(Data records)
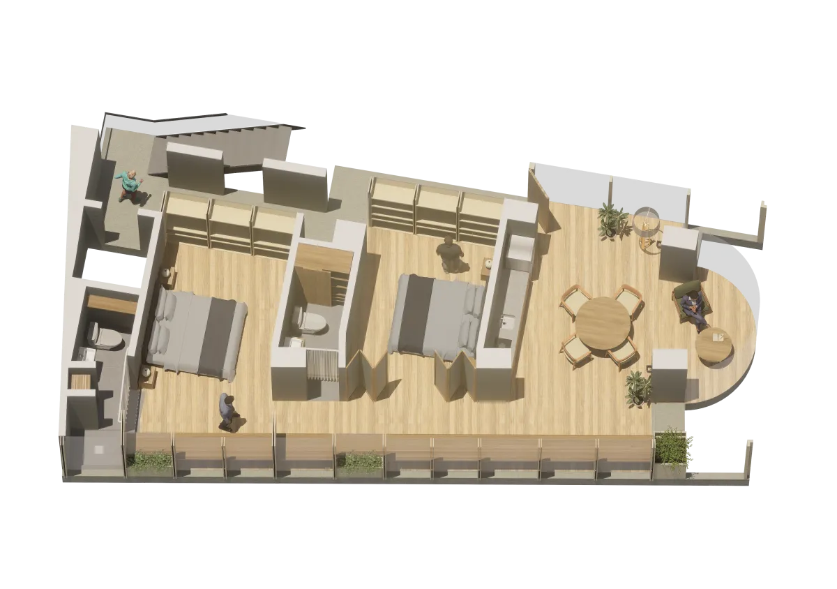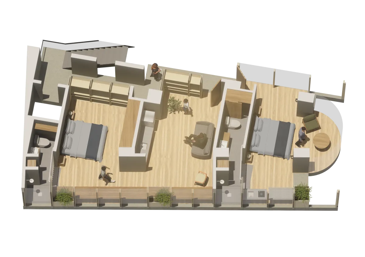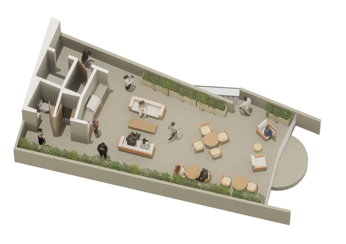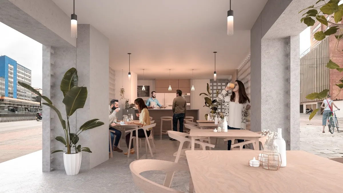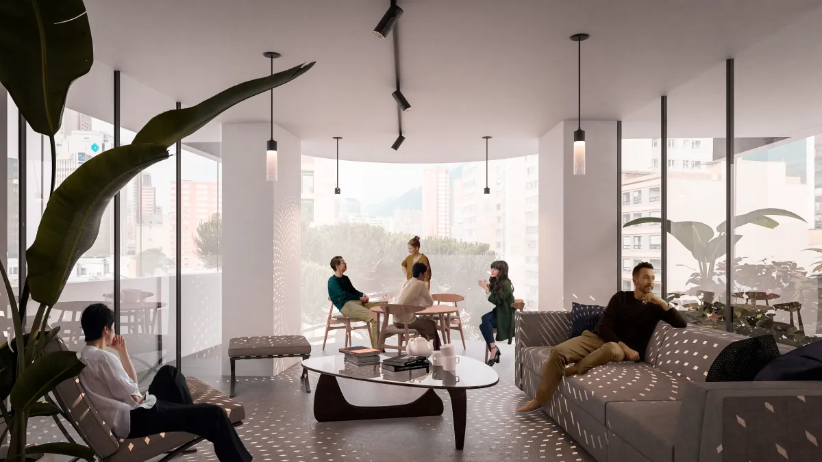 Áreas Comunes Complementarias: Espacios que elevan la experiencia del huésped, como cocina social, taller de artes, lavandería y una terraza con zona BBQ y las mejores vistas a los cerros y la ciudad.
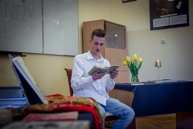 Dnia 12 kwietnia 2017 r w ramach Światowego Dnia Książki odbyło się w naszej szkole czytanie "Wesela" Stanisława Wyspiańskiego, które przygotowali uczniowie III klas technikum. W tym samym dniu przeprowadzono również test ze znajomości dramatu, który rozwiązywali reprezentanci klas: III TEb, III TEc, III TEe oraz III TEf.
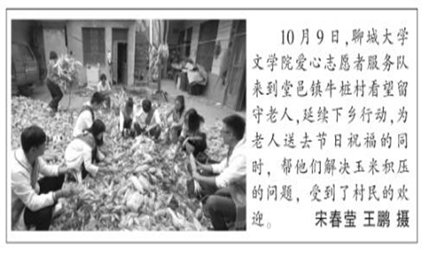 《山东青年报》报道太阳集团网tyc9728“重阳敬老”活动
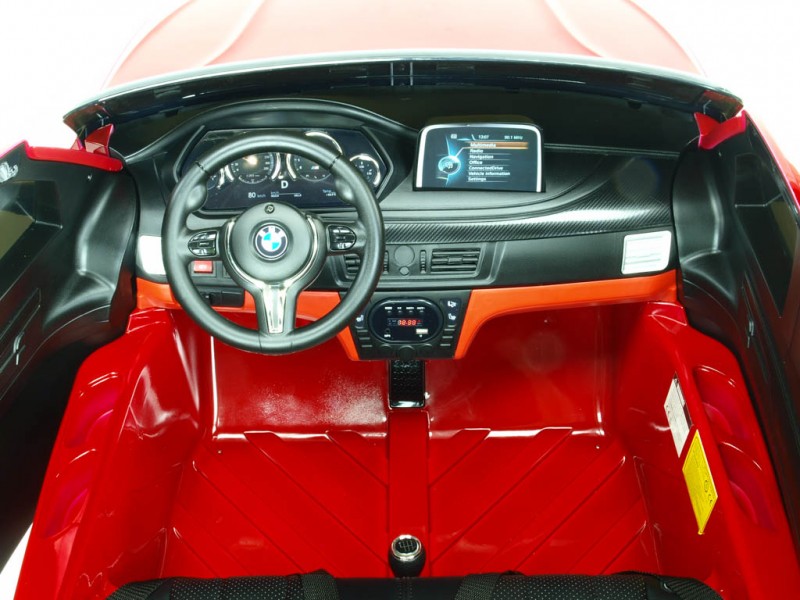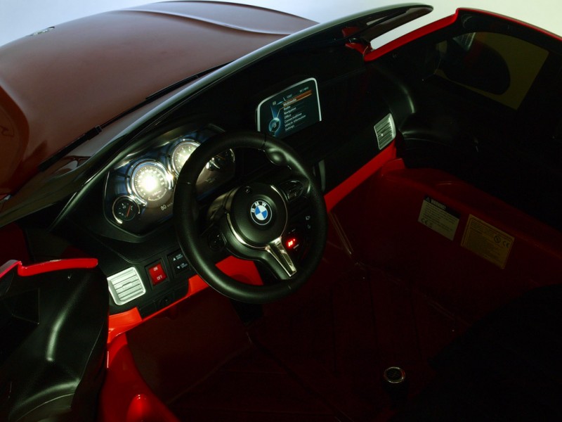 2 motory 12 V/120 W, batéria 12 V/10 Ah, náhon oboch zadných kolies, 2.4G diaľkové ovládanie s funkciou plnej kontroly, 3 rýchlosti vpred a 3 vzad, plynulé rozjazdy, AUX a USB vstup, predné a zadné LED svetlá, osvetlené palubné prístroje, zvukové efekty, klaksón, čalúnená sedačka, EVA kolesá, otvárateľné dvere, voltmeter, lakované, licencie BMW, dvojmiestne Celý popis
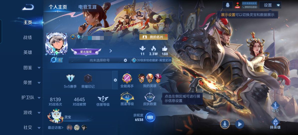 实名: 可修改 贵族等级: V6 英雄数: 118 皮肤数: 140 传说皮:
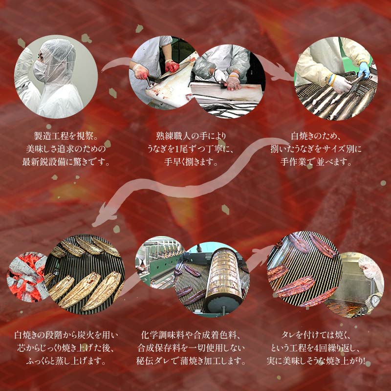 次にタレ漬けと焼きの作業を合計4回繰り返し丹念に焼き上げますが、化学調味料や合成着色料、合成保存料を一切使用しない秘伝ダレで蒲焼き加工してあります。また、遠赤外線の効果で中心までしっかり火が通っているため、表面は香ばしく、身はふっくら柔らかなのが本品の特徴です。
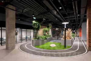 Парк окружён городом: более 40 переговорных комнат, санузлы, гардеробные и множество необычных помещений — библиотека, каминная, кофейня. Все они сделаны разными, как в реальном городе.
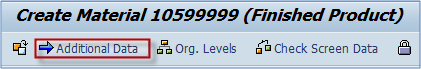 除了物料主数据视图之外,我们在 MM01 事务中还有另一个级别的维护。它也没有参考组织级别。从物料主数据的任何视图中,您可以选择“附加数据”按钮。
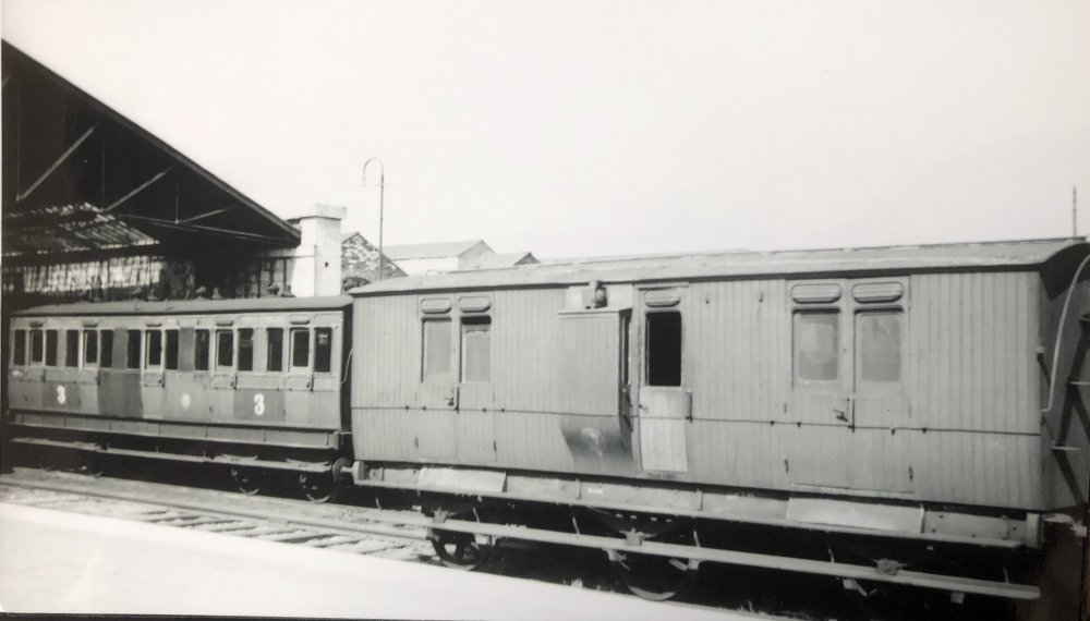In the mid 1930s there was MUCH less traffic on the roads compared to today. Or - is the coronavirus in full swing?!! This is Glanmire Road, exact date unknown but likely to be 1936-8. The station, of course, is on the right. The two carriages were across the river at Albert Quay station. Such were the necessities of “austerity” in those days, that rolling stock could often be just “touched up” instead of completely repainted. These two will be in the maroon GSR livery, though mostly faded and dulled - no lining, as befits much of the secondary stock.
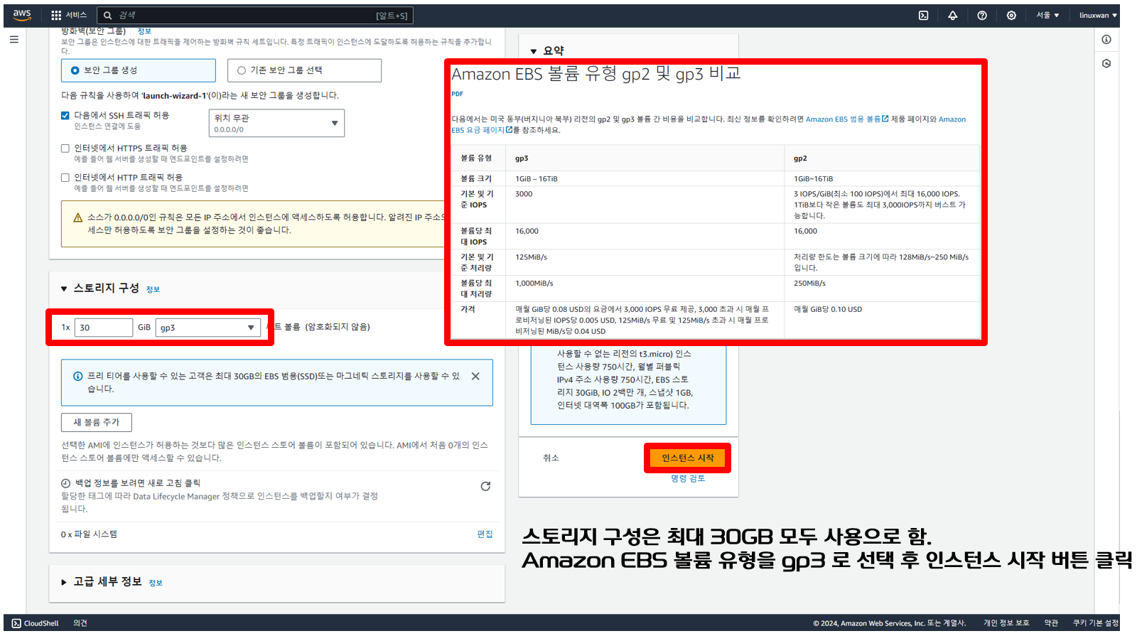비용이나 성능으로 보더라도 gp3 나으므로 gp3을 선택하도록 한다. 스토리지 사이즈는 최대 30기가 이므로 30기가 모두를 설정하도록 한다.
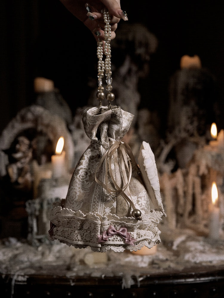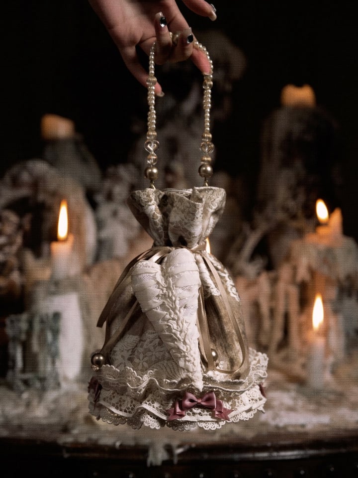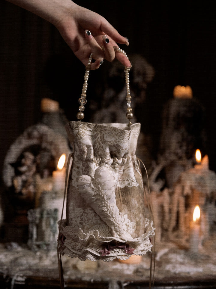 Lace and Bow Accents Vintage Drawstring Top Hand Bag with Heart Pin
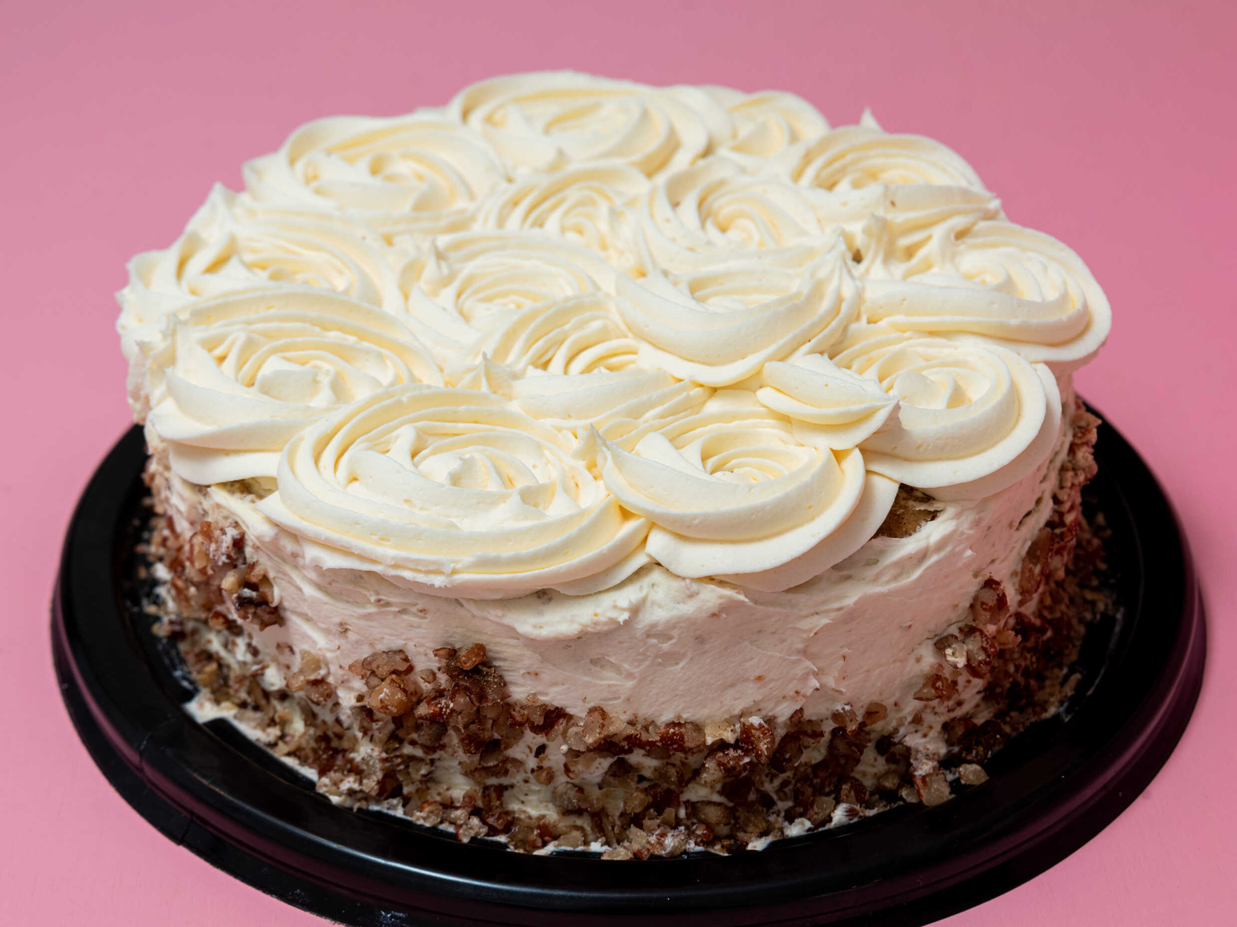 Pan con mezcla de Zanahorias ralladas, envuelto en una capa suave de glaseado de betún y Nuez

**WORK TASK:** Only the lines from the one with "비용이나 성능으로 보더라도" through the last line of the records above are wanted, copied exactly and with pictures omitted.

**YOUR SOLUTION:**
비용이나 성능으로 보더라도 gp3 나으므로 gp3을 선택하도록 한다. 스토리지 사이즈는 최대 30기가 이므로 30기가 모두를 설정하도록 한다.
 Lace and Bow Accents Vintage Drawstring Top Hand Bag with Heart Pin
 Pan con mezcla de Zanahorias ralladas, envuelto en una capa suave de glaseado de betún y Nuez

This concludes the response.